Training Set

The training set is used to “teach” the neural network the patterns that it should recognize. NeuroShell Trader creates the training set by calculating and retrieving the inputs that you have selected in the prediction input list.

For more information: What is Training Data?

Paper Trading (calibrating your model so that it has the best chance of working in the future)

Paper trading has a special meaning in the NeuroShell Trader Professional and DayTrader Professional. Paper trading is activated when you choose the option called “Save optimization which performs best on later paper trading”, either in the Prediction Wizard or the Trading Strategy Wizard.

Before we explain what it is, a little background is necessary about a modeling problem common to all model building with past data.

Any time you optimize there is a possibility that you may “over-fit”, which means that you build a model that worked so well in the past that it fit the past noise too, so that it probably will not work well into the future. (Editors note: some people use the word “curve fitting to describe the over-fitting phenomenon, but that is a misnomer because all modeling from past data is curve fitting – it is over curve fitting, i.e. or over-fitting, that is the problem).

Over-fitting can occur even if you do not optimize, because in fact when you backtest different strategies to see which works the best, you are in fact optimizing manually! However, machine optimizing increases the odds of over-fitting because it is so much more efficient. The possibility of over-fitting is reduced by not optimizing, optimizing over plenty of historical data, and/or optimizing as few parameters as possible.

One way that has been traditionally used to test if over-fitting has occurred is simply to see how the model holds up on new data. There are a couple of ways that can be done:

a. Of course you could simply watch your model for several weeks or months and “paper trade” it in the traditional sense to see if you would have made money. Few of us want to take the time to do that, however.

b. Another way to do this in NeuroShell is to use the check box called “Start trading before last chart date” in the Dates tab. That will allow you to select how much time to “hold out” of the optimization for evaluation of the model after it is optimized. Optimization will take place on an earlier period of the chart, and the final backtesting (evaluation) using the model will take place immediately after that. The disadvantage of this “hold out” approach is that even if you are satisfied the model held up during evaluation, you essentially have an old model, one that was not built on the latest data (although it was evaluated on the latest data). In order to use “Start trading before last chart date”, you must turn on the option that enables it from the menu Tools->Options-> Advanced.

Consider the approach b. (above) further. Using the evaluation of new data (called out-of-sample data by statisticians), what you will wind up doing is repeatedly optimizing models until you find the one that works the best on the new data, i.e. the one that shows up best during the evaluation (out-of-sample period). This is sometimes called “data snooping” because your evaluation data is not really out-of-sample anymore. Nevertheless it is still the most effective method to arrive at a model which has the best likelihood of holding up as you trade with it in the future.

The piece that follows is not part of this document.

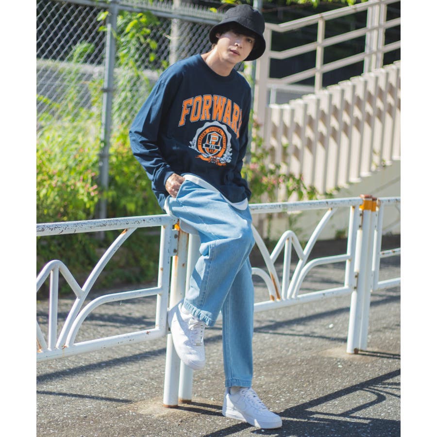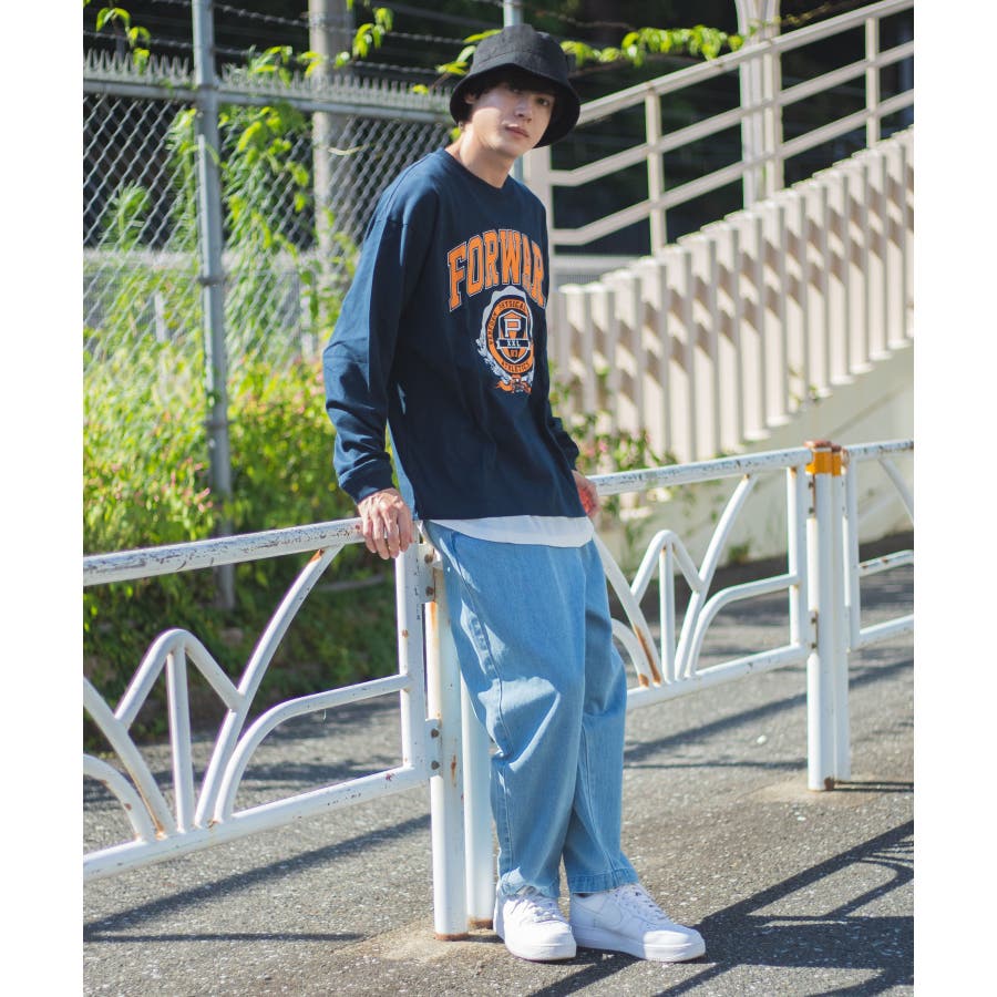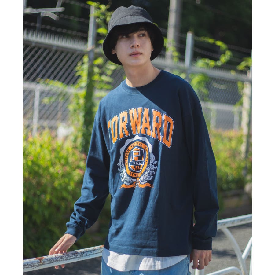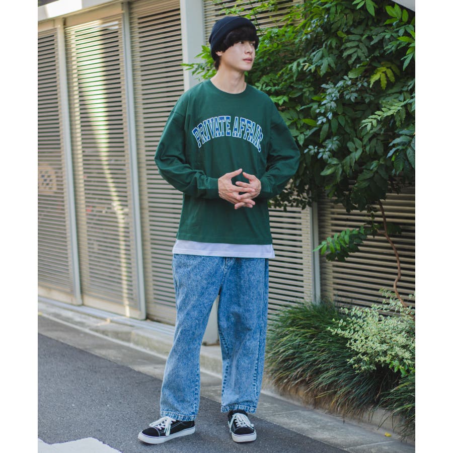古着っぽいカラーリングと大き目のカレッジロゴは今季のトレンドらしいアイテム。

Therefore, we have automated this process of building models, then evaluating them, keeping the one that works best during evaluation. The automated method is invoked when you check the box called “Save optimization which performs best on later paper trading” in the Dates tab. (Editor’s note: Ward Systems Group invented the method for use with neural nets years ago. We included it in all of our old software, and the technique, there called “calibration”, has been copied and adopted by other vendors and academia.)

Of course if you data snoop, statisticians will say that you still haven’t properly evaluated your model with real out of sample data. Of course statisticians usually assume normal distributions, and a number of other factors not present in market trading. However, if you want to build your model with paper trading and still satisfy the statistician in you, you can select both of the boxes:

“Save optimization which performs best on later paper trading”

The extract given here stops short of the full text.